In HW, every element in a digital circuit is always *invoked* due to its inherent parallelism, while in a SW program, a node (statement) or an edge in program's CFG is not automatically *invoked* until it is executed during runtime, because program flow branches after a conditional node, and only one branch is executed. The precondition of executing this branch is determined at runtime. We define *edge condition* (*EC*) as the precondition for a specific edge to be executed. If a statement is not invoked, any change induced by this statement, in control or data flow, must not be counted. This difference between HW and SW requires a completely new set of variables and algorithms.

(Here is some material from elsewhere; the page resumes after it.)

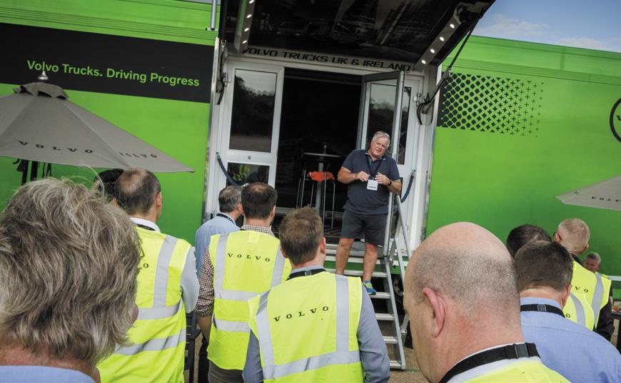 Next up was an FMX Electric rigid. Repeating the same route in reverse, this time we were focused on driving the BEV ‘properly’ – ie, not like a diesel – and this mostly involves a change in braking behaviour. Volvo’s electric trucks have a tweaked engine brake with automatic mode, and the strategy the driver needs to employ is almost backwards to that used on a conventional driveline. Instead of leaving the engine brake off and only flicking the stalk when you need to slow down, we were advised the most energy-efficient way to use it on the electric truck is to leave it in auto mode for the duration of the drive. This way, the driver knows that whenever they lift off the power, the truck slows using the engine brake and captures/ regenerates the maximum amount of energy back into the cells. Effectively this means you can drive the vehicle using just one pedal, with service brakes called on only rarely.
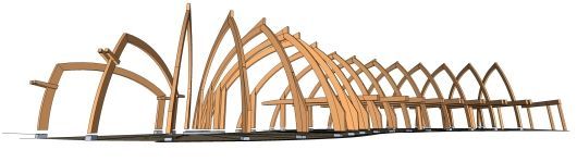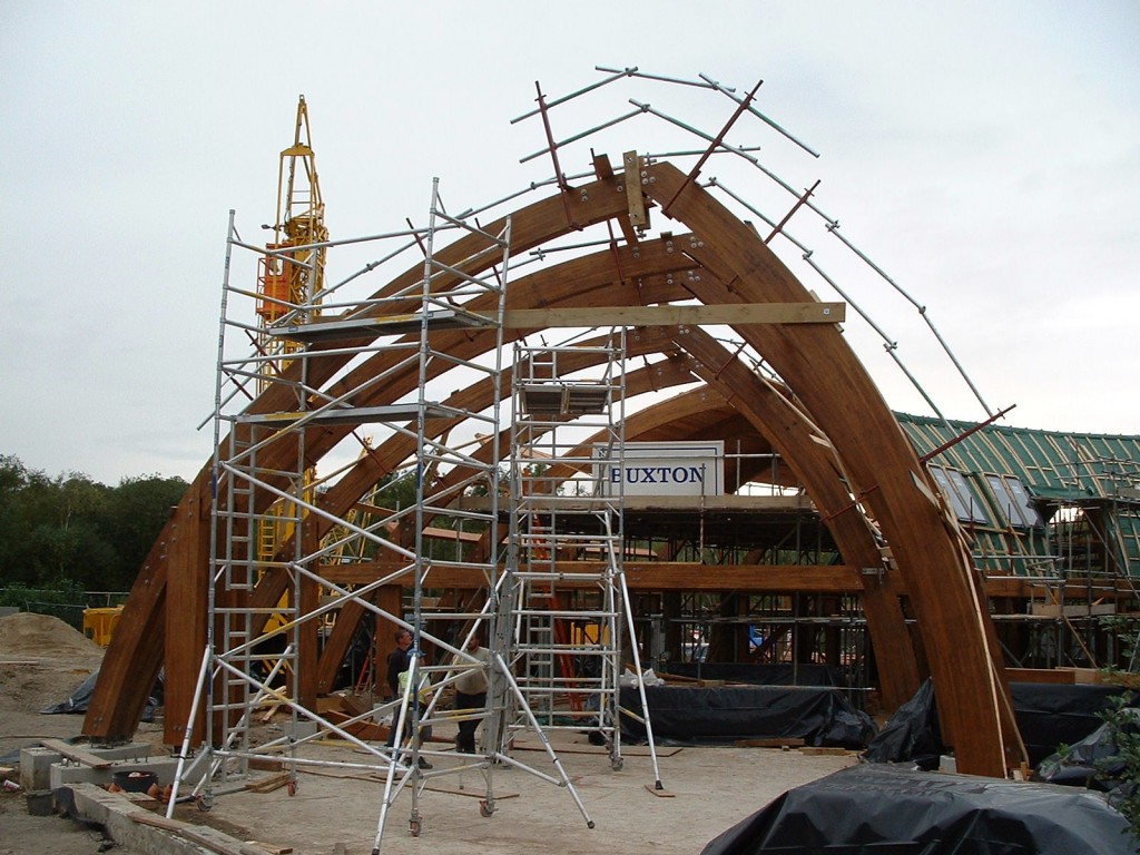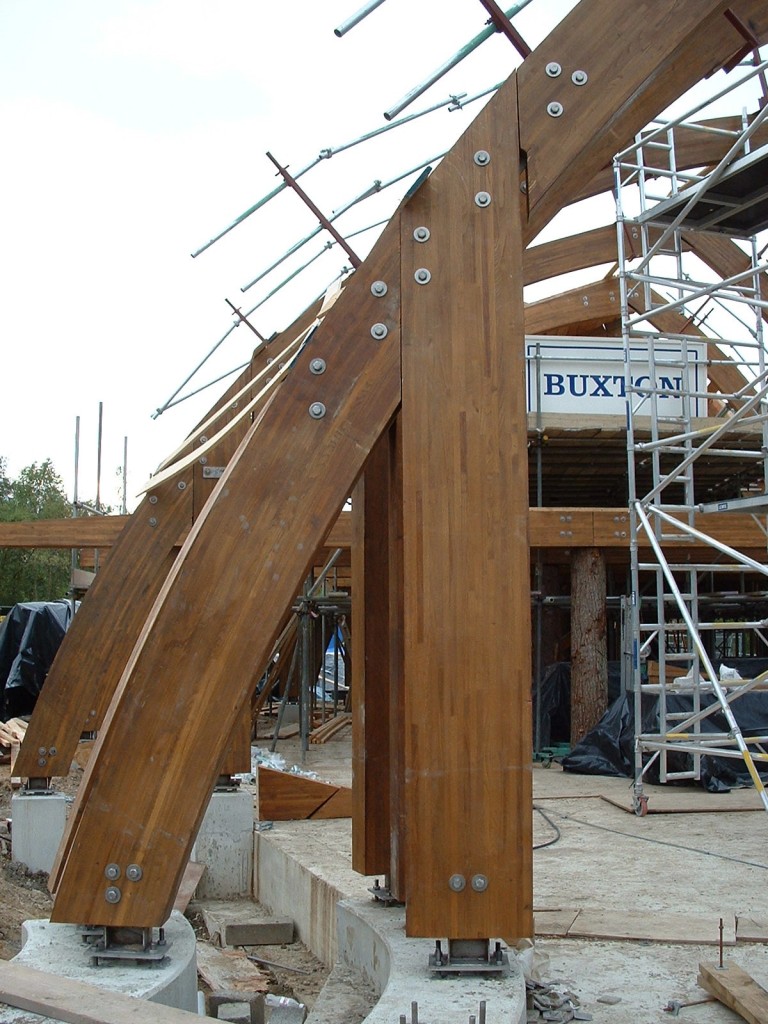 Inwood Developments were to produce the buildings engineered chestnut, and have since gone on to develop chestnut glulam as part of their suite of chestnut materials, but in 2002 the wood had not been sufficiently tested for its load-bearing and other structural properties. As part of the Shorne Wood project five glulam beams from 18 year old chestnut were therefore dispatched to the Building Research Establishment (BRE) and tested to destruction, revealing both a surprising extra degree of both flexibility and elasticity than had been assumed would result. This gave the required green light for chestnut glulam going into production, the resulting research today publically available on the BRE site. In-Wood’s glulam production has been heading upwards ever since. The architects, Inwood and engineers Faber Maunsell next developed a hinge system for the cruck-frame; designing 32 identically shaped glulam beams, joined by a hinge not unlike those found on pairs of scissors, making it possible to open and close the beams and vary the undulating ridge of the building. Faber Maunsell also provided sixteen different steel connectors, allowing for the frames natural movement, as found in all timber structures.

We define invocation status (IVS) of a node/edge in a program's CFG to indicate whether this node/edge will be invoked during runtime. IVS is a new type of dynamic information proposed here, it is introduced to reflect the dynamic execution information of a node/edge during runtime. Thus, a DU path within a DU chain may be invalid when considering IVS values of edges/nodes along the DU path. Therefore, an active DU path is defined as a DU path such that all nodes/edges along this path are *invoked* or with unknown IVS, since we can set this IVS as invoked. An active DU chain is obtained by eliminating all *inactive DU paths* between *definition* and *use* pairs in the DU chain. Also, we say def(x) actively reaches use(x)if there exists at least one active DU path between def(x) and use(x), and def(x) is called an *active reaching definition* of use(x). In Fig. 1, static analysis shows use(x,6) has two reaching definitions: def(x, 1) and def(x, 3). But if the edge 2-3 is not *invoked* during runtime, only def(x, 1) actively reaches use(x, 6).

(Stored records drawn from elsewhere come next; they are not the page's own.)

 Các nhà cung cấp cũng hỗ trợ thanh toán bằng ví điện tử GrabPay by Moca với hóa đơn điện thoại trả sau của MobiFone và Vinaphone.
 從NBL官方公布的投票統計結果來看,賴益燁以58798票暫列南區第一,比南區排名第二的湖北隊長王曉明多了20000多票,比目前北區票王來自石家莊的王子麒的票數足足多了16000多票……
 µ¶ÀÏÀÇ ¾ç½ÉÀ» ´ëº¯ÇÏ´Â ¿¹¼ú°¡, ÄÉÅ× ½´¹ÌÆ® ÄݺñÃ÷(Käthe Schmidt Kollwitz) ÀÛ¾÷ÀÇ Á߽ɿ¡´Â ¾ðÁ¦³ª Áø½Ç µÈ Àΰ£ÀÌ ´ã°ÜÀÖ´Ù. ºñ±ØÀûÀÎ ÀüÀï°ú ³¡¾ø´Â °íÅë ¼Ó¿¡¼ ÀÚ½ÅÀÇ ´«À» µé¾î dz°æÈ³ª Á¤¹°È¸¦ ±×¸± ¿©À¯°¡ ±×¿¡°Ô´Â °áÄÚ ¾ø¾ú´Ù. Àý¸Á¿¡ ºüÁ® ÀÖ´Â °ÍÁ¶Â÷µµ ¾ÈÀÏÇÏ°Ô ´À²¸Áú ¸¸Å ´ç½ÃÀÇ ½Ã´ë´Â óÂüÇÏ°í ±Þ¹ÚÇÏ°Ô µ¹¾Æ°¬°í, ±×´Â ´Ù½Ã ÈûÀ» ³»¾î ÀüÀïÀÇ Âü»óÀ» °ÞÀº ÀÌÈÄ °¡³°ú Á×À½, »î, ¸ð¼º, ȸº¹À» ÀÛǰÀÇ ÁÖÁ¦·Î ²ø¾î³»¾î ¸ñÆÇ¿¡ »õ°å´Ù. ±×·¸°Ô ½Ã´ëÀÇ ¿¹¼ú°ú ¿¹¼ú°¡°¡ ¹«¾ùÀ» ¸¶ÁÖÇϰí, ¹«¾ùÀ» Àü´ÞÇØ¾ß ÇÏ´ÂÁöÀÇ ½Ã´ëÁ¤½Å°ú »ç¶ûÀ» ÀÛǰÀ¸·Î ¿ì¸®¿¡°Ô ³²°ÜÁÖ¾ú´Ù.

#### B. Essential Procedures in SWD-algorithm

We now outline essential procedures in SW D-algorithm. Although these procedures are conceptually similar to their counterparts in HW D-algorithm, they are markedly extended and reinvented to include special characteristics of SW.

1) Implication





In general, implication is the process of determining some values as a consequence of the changes in some other values. Implication is performed to reduce the search space for the test, since it helps the algorithm assign as many known values as possible and hence refines existing possibilities.

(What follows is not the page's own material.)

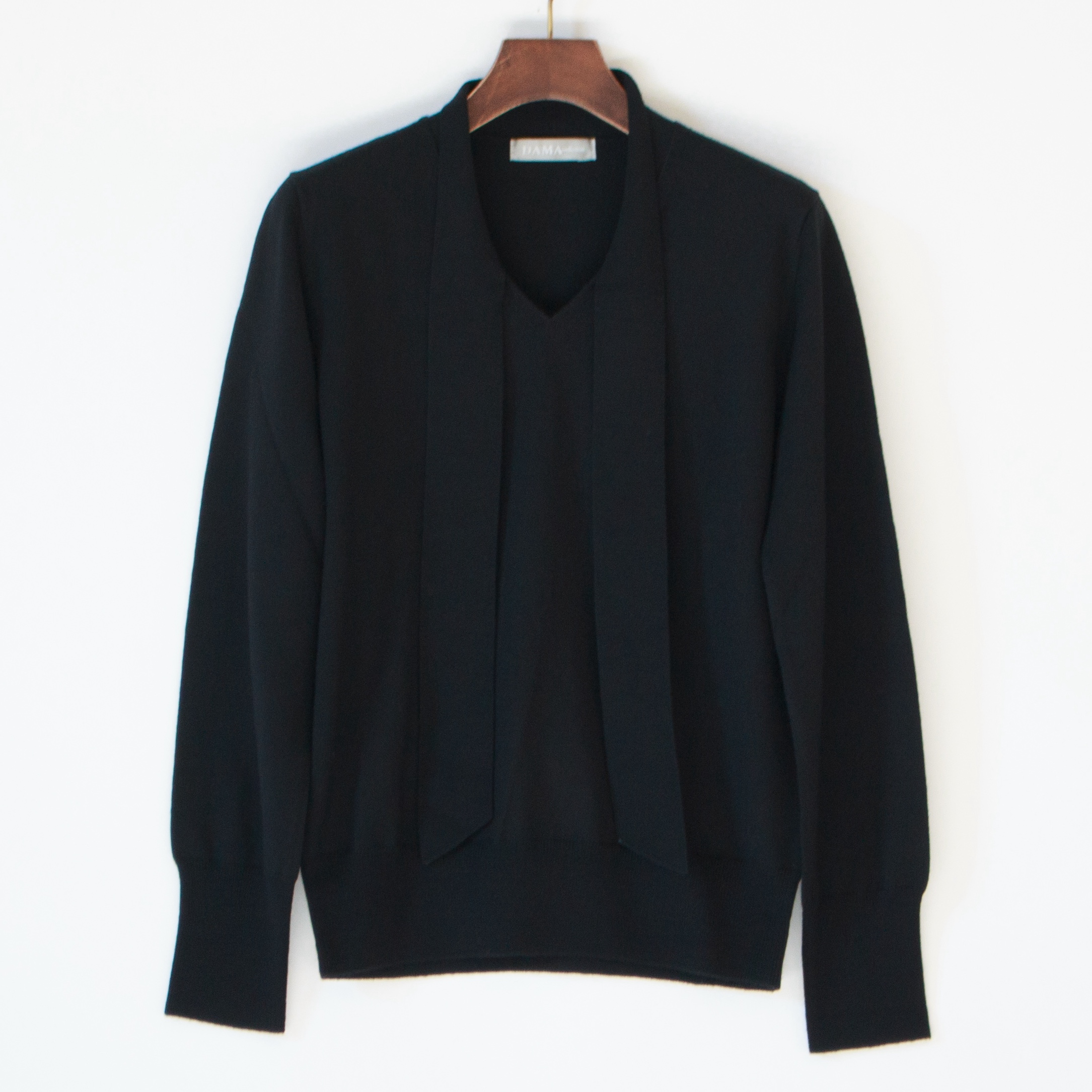 衿がほどよく開くことで顔まわりに明るさが生まれ、街へ出かける日も、家でゆっくり過ごす日も、身につけるだけで少し気持ちが上向きになるお洋服。そんな大人の気持ちに寄り添う一着を、と思いながら形にしたのが、このプルオーバーです。

## a) Value assignment implication

We define value assignment implication as a process of determining the value defined or used at various locations of a program because of some other new value assignments. It can be performed backward or forward, i.e., from a *definition* to a *use* or from a *use* to a *definition*. It can also be performed for the variables used in an *EC* when the *EC* must or must not be satisfied. A *conflict* is identified if the implied value is not compatible with the current value.

Here we show an example of *value assignment implication*. In Fig. 2(a), def(x, 1) and def(x, 3) are two *actively reaching definitions* of use(x, 6). Consider a backward value assignment implication task for def(x, 6) with a value of 2 is performed. We identify mROA for statement 6 and its symbolic expression " $x_out = x + 1$ ", then we send this expression and " $x_out = 2$ " to solver, which gives us the unique solution of "x = 1". Thus, 1 is assigned to use(x, 6) and a backward value assignment implication task for use(x, 6) is added to *implication task list* ( $\mathcal{I}$ ). For this new task, we find use(x, 6) has two *actively reaching definitions*, that means no value should be *implied* and use(x, 6) is added to *unjustified element list* ( $\mathcal{U}$ ).

# b) IVS implication

IVS implication is defined as a process of determining the values of IVS of nodes/edges of a program's CFG as a result of the changes in value of IVS of other nodes/edges. A *conflict* is identified if the implied value is not compatible with the current value. IVS implication can be performed backward or forward, from *node* to *edge* or from *edge* to *node*.

In Fig. 2(b), consider that node 13 is invoked and a backward IVS implication task is processed for this node. At least one of node 13's incoming edges must be invoked but we do not know which. Hence, no value can be assigned and node 13 is added to  $\mathcal{U}$ . Consider another case that a forward IVS implication is processed for the invoked edge 9-13 and the IVS values of edge 11-13 and node 13 are both unknown. It first assigns *true* to the IVS of node 13 and adds a forward IVS implication task for this node to  $\mathcal{I}$ . Then, it assigns *false* to the IVS of edge 11-13 and adds a backward IVS implication task for this edge to  $\mathcal{I}$ .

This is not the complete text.